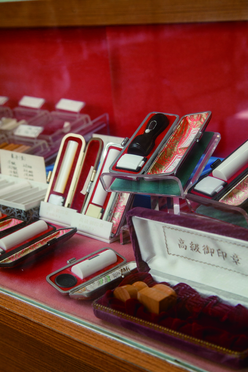 実印・銀行印・認印などの個人使用印、代表者印・会社印などの法人使用印、ゴム印などの事務用印の製造販売を承っています。店内には長年使用してきた木製の印鑑ショーケースや展示ケースがあり、歴史が感じられます。実用印のほか、書道や絵画に使用する「落款」も取り扱っています。あなただけのこだわりの印を作ってみませんか?
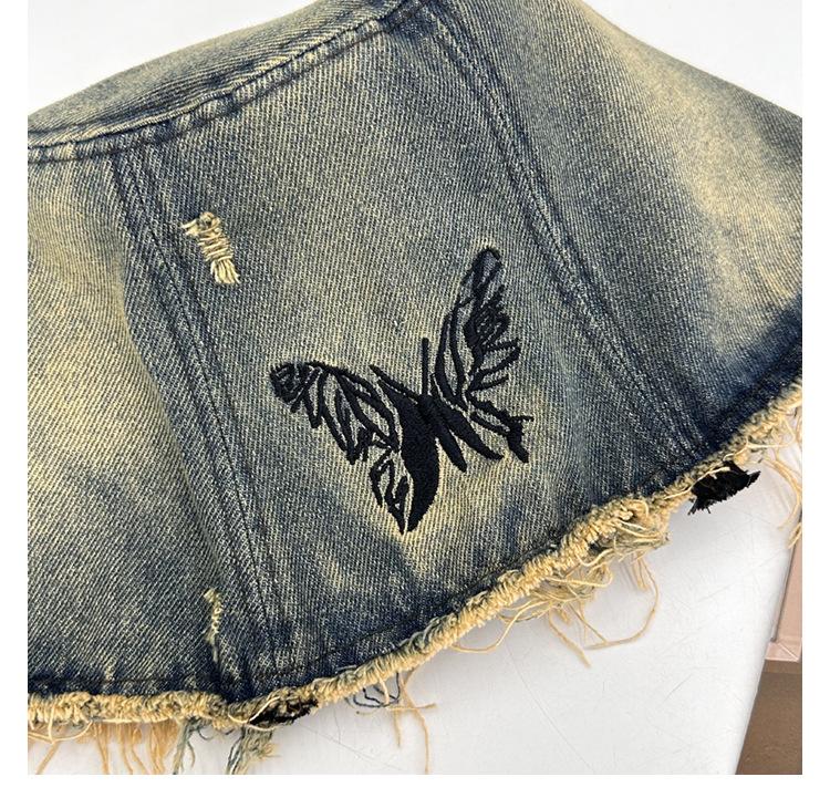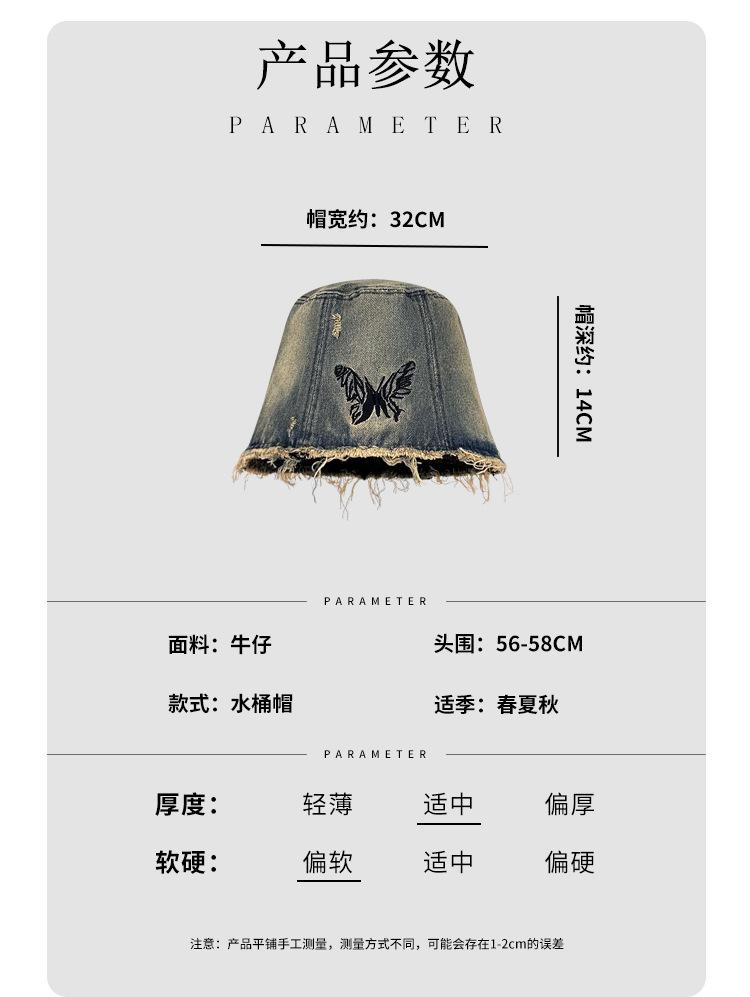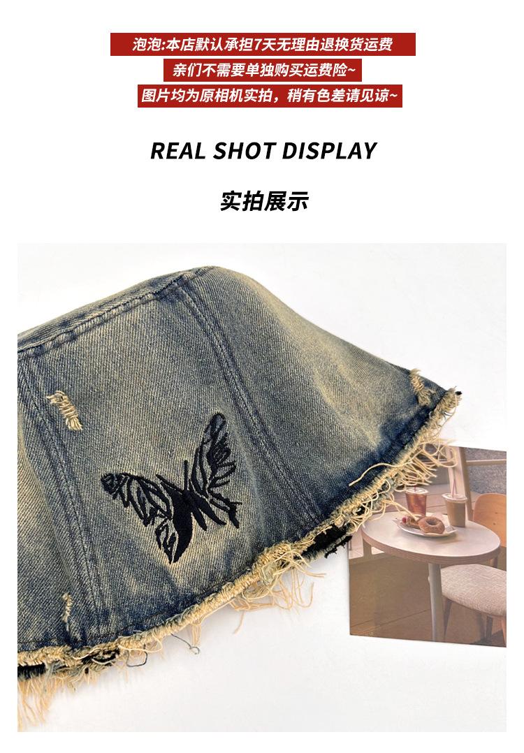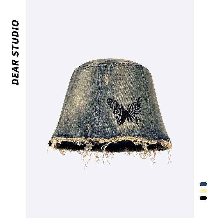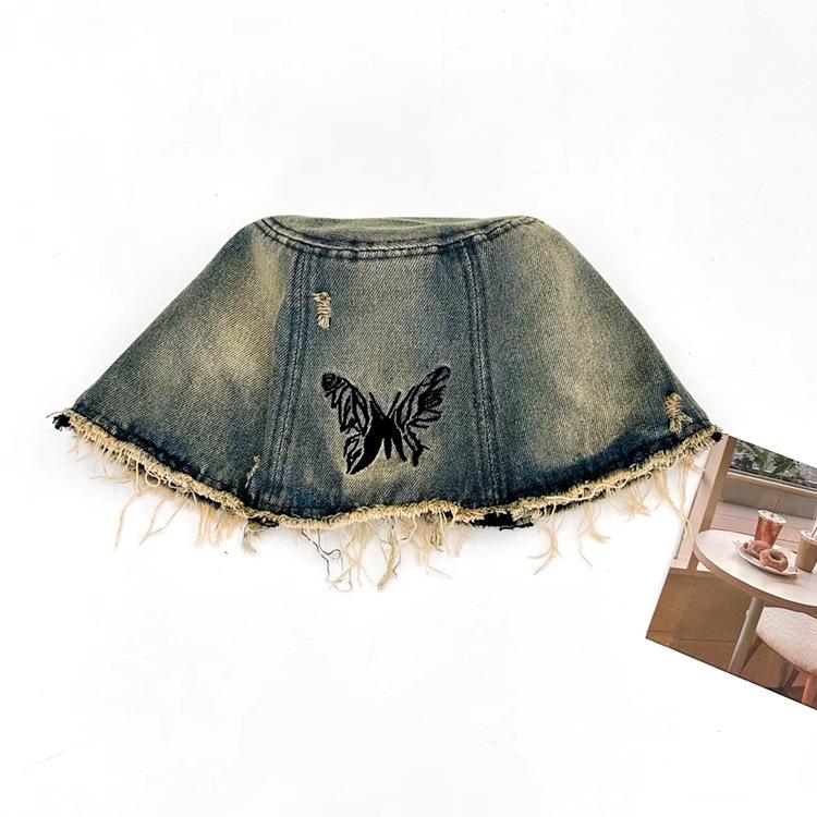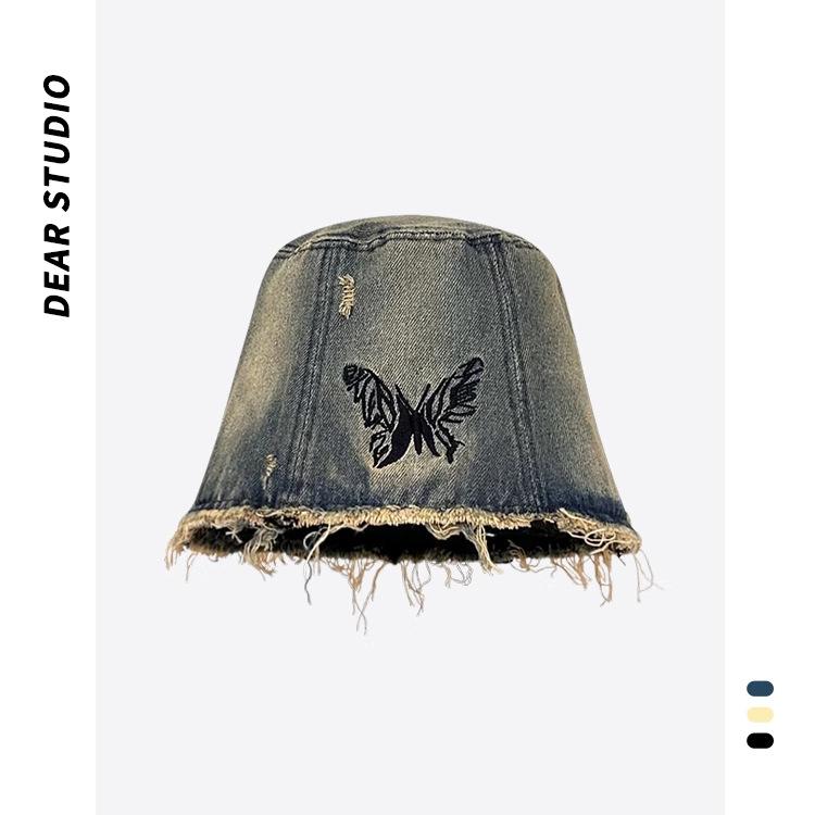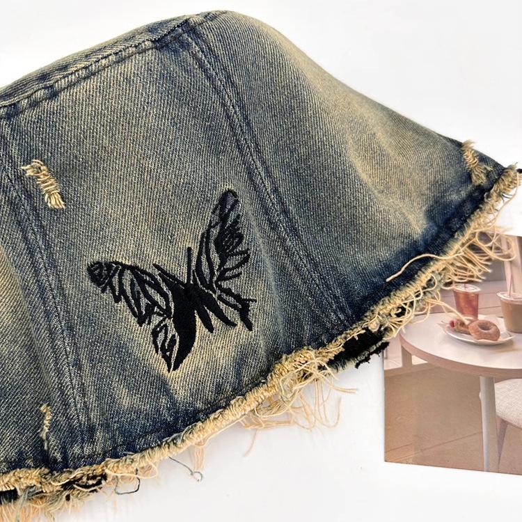 Sombrero de Cubo de Mezclilla de Mariposa Coreano Nuevo Estilo Vintage Ins Retro Lavado Desgastado para Mujer, Sombrero Versátil de Moda para Primavera y Verano
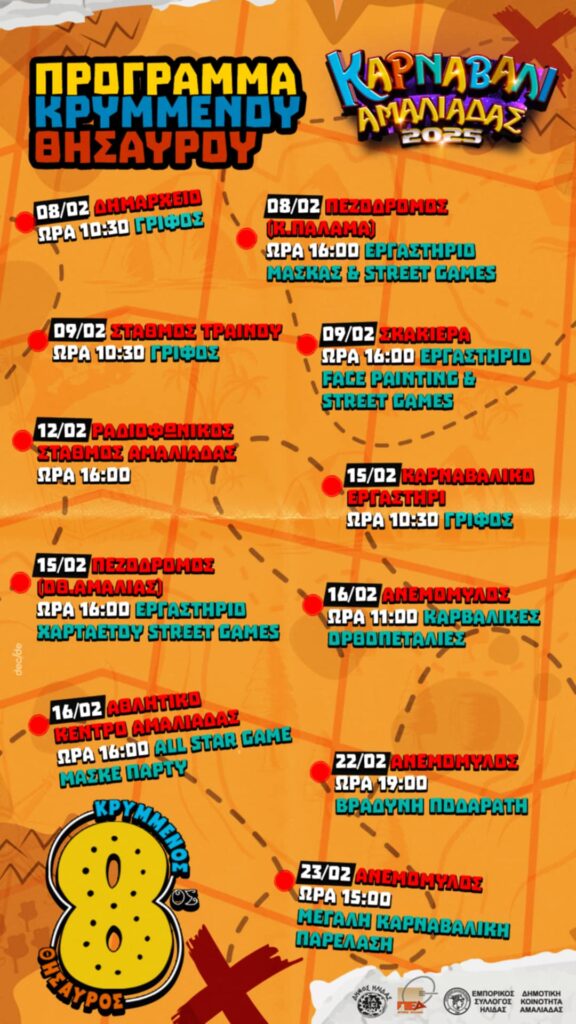 Το πλήρως ανανεωμένο Παιχνίδι του «Κρυμμένου Θησαυρού», το οποίο εντάσσεται στο πρόγραμμα εκδηλώσεων του θεσμού «Καρναβάλι Αμαλιάδας 2025», ξεκινάει το ερχόμενο Σαββατοκύριακο. Η αρχή θα γίνει στις 10:30 το πρωί του Σαββάτου 8 Φεβρουαρίου 2025 στο Συνεδριακό Κέντρο Αμαλιάδας (κτίριο Σοχιάς), όπου οι εκπρόσωποι των γκρουπ, αλλά και ανεξάρτητες ομάδες παιδιών και καρναβαλιστών θα λάβουν την αποστολή τους και τους πρώτους ευφάνταστους γρίφους που καλούνται να επιλύσουν.

- [WHAT YOU HAVE TO DO] Without any of the pictures, reproduce the listing above exactly.

- [THE ANSWER]
 実印・銀行印・認印などの個人使用印、代表者印・会社印などの法人使用印、ゴム印などの事務用印の製造販売を承っています。店内には長年使用してきた木製の印鑑ショーケースや展示ケースがあり、歴史が感じられます。実用印のほか、書道や絵画に使用する「落款」も取り扱っています。あなただけのこだわりの印を作ってみませんか?
 Sombrero de Cubo de Mezclilla de Mariposa Coreano Nuevo Estilo Vintage Ins Retro Lavado Desgastado para Mujer, Sombrero Versátil de Moda para Primavera y Verano
 Το πλήρως ανανεωμένο Παιχνίδι του «Κρυμμένου Θησαυρού», το οποίο εντάσσεται στο πρόγραμμα εκδηλώσεων του θεσμού «Καρναβάλι Αμαλιάδας 2025», ξεκινάει το ερχόμενο Σαββατοκύριακο. Η αρχή θα γίνει στις 10:30 το πρωί του Σαββάτου 8 Φεβρουαρίου 2025 στο Συνεδριακό Κέντρο Αμαλιάδας (κτίριο Σοχιάς), όπου οι εκπρόσωποι των γκρουπ, αλλά και ανεξάρτητες ομάδες παιδιών και καρναβαλιστών θα λάβουν την αποστολή τους και τους πρώτους ευφάνταστους γρίφους που καλούνται να επιλύσουν.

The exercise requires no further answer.